Starting at the line holding "Мне очень понравилась" and finishing at the line holding "2023.12.07 立正キッズ日記 お店やさんの準備", transcribe the material exactly, keeping both ends but no pictures.

DATASET RECORDS:
######

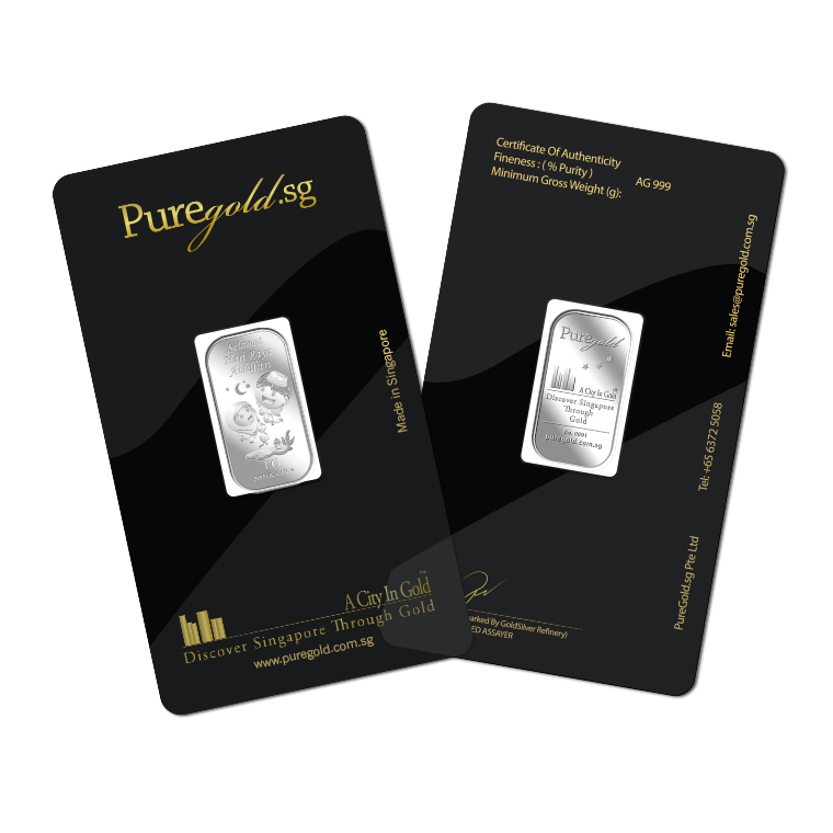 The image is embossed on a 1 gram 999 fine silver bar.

######

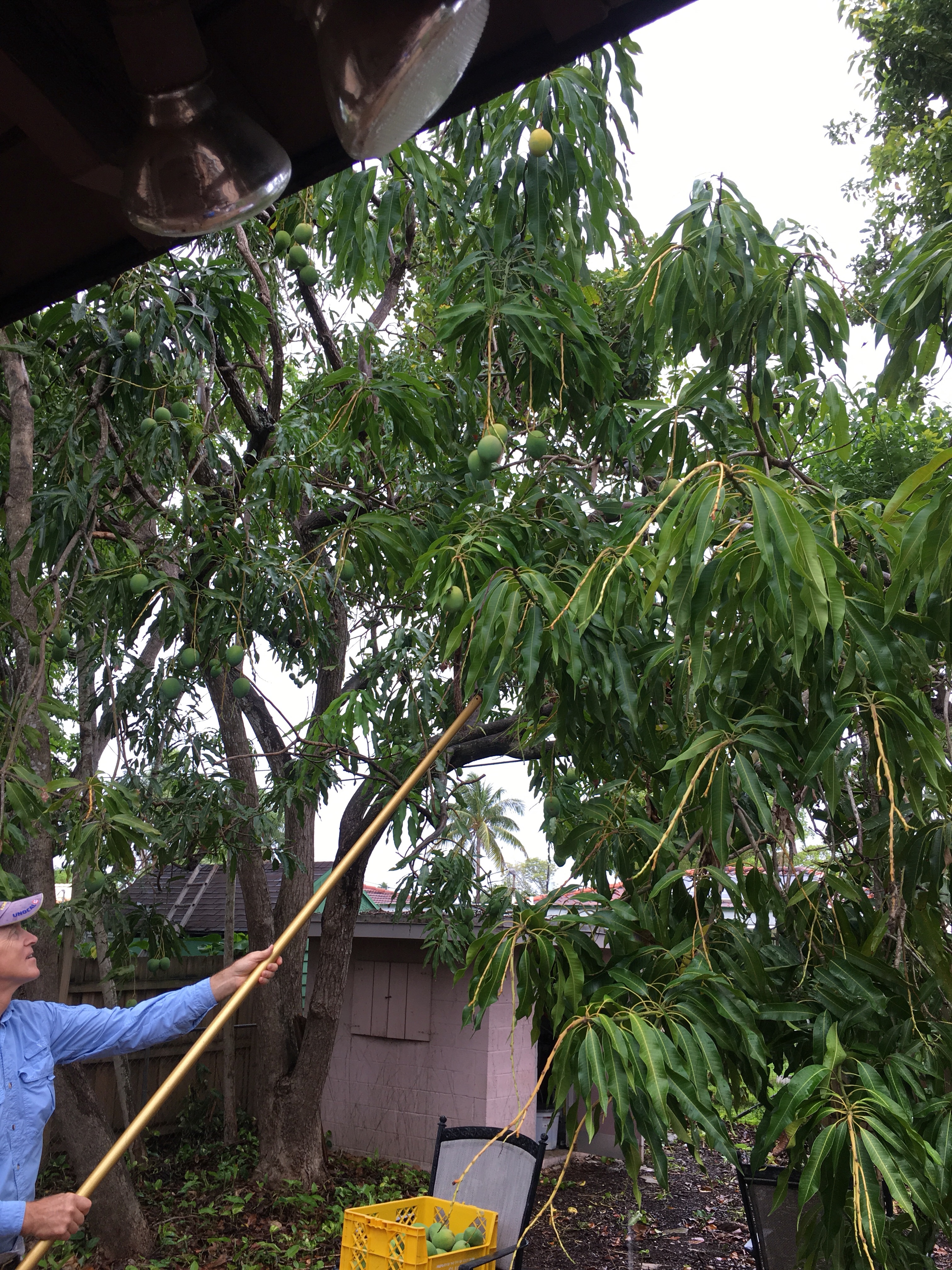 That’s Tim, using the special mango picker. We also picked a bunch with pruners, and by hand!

######

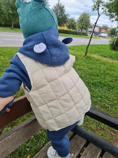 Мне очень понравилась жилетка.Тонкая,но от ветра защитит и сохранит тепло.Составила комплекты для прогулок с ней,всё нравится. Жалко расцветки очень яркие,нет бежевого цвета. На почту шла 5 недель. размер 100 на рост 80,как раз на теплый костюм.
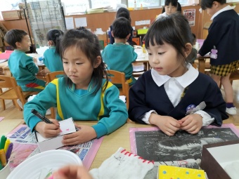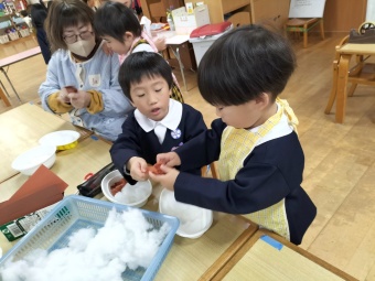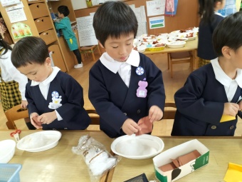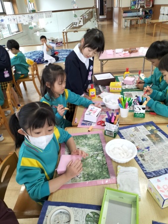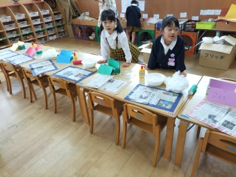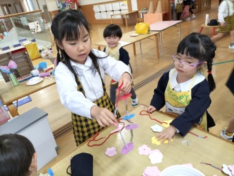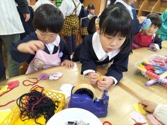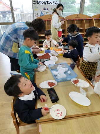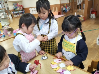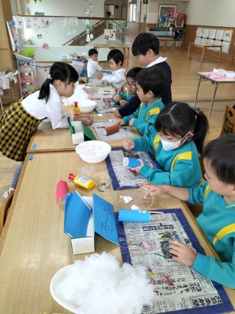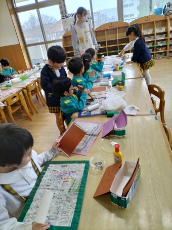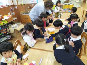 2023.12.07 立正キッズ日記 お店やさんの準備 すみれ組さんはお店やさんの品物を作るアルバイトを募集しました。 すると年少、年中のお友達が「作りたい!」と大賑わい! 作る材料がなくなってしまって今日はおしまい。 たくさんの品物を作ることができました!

######

TASK OUTPUT:
 Мне очень понравилась жилетка.Тонкая,но от ветра защитит и сохранит тепло.Составила комплекты для прогулок с ней,всё нравится. Жалко расцветки очень яркие,нет бежевого цвета. На почту шла 5 недель. размер 100 на рост 80,как раз на теплый костюм.
 2023.12.07 立正キッズ日記 お店やさんの準備 すみれ組さんはお店やさんの品物を作るアルバイトを募集しました。 すると年少、年中のお友達が「作りたい!」と大賑わい! 作る材料がなくなってしまって今日はおしまい。 たくさんの品物を作ることができました!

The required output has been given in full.